The next morning, our friends the natives returned again, and brought with them a quantity of fish, which they exchanged for two hatchets.
Fair weather on the 12th, enabled us to finish picking, airing, and baking our biscuit; four thousand two hundred and ninety-two pounds of which we found totally unfit to eat; and about three thousand pounds more could only be eaten by people in our situation.[4]
[4] "In the morning, the weather being clear again, Dr Sparrman, my father, and myself, went to the Indian Cove, which we found uninhabited. A path, made by the natives, led through the forest a considerable way up the steep mountain, which separates this cove from Shag Cove. The only motive which could induce the New Zealanders to make this path, appeared to be the abundance of ferns towards the summit of the mountain, the roots of that plant being an article of their diet. The steepest part of the path was cut in steps, paved with shingle or slate, but beyond that the climbers impeded our progress considerably. About half way up, the forest ended, and the rest was covered with various shrubs and ferns, though it appeared to be naked and barren from the ship.

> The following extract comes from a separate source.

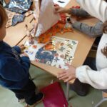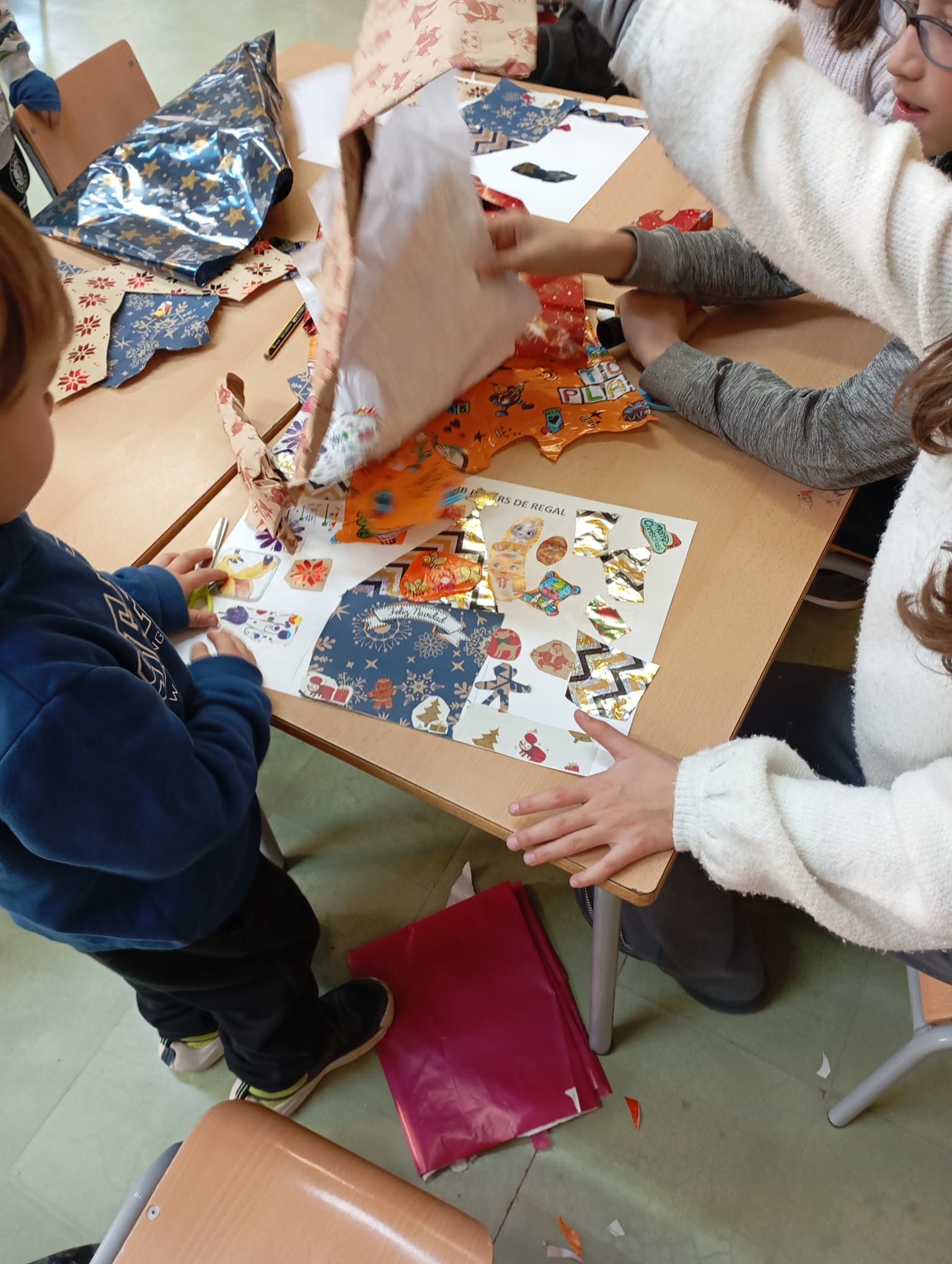 En la primera trobada del 2025 els padrins grans amb els petits han creat un collage. A partir de diferents papers de regal han realitzat unes magnífiques composicions artístiques. Podeu veure les fotografies en aquest enllaç: collages cooperatius.

At the summit we met with many plants which grow in the vallies, and by the sea-side, at Dusky Bay, owing to the difference of the climate, which is so much more vigorous in that southern extremity of New Zealand. The whole to the very top consists of the same talcous clay, which is universal all over the island, and of a talcous stone, which, when exposed to the sun and air, crumbles in pieces, and dissolves into lamellae. Its colour is whitish, greyish, and sometimes tinged with a dirty yellowish-red, perhaps owing to irony particles. The south side of the mountain is clad in forests, almost to the summit. The view from hence was very extensive and pleasing: We looked into East Bay as into a fish-pond, and saw Cape Tera-wittee beyond the Strait. The mountains in the south arose to a vast height, and were capt with snow; and the whole prospect on that side was wild and chaotic."--G.F.
On the 13th, clear and pleasant weather. Early in the morning the natives brought us a quantity of fish, which they exchanged as usual. But their greatest branch of trade was the green talc or stone, called by them Poenammoo, a thing of no great value; nevertheless it was so much sought after by our people, that there was hardly a thing they would not give for a piece of it.[5]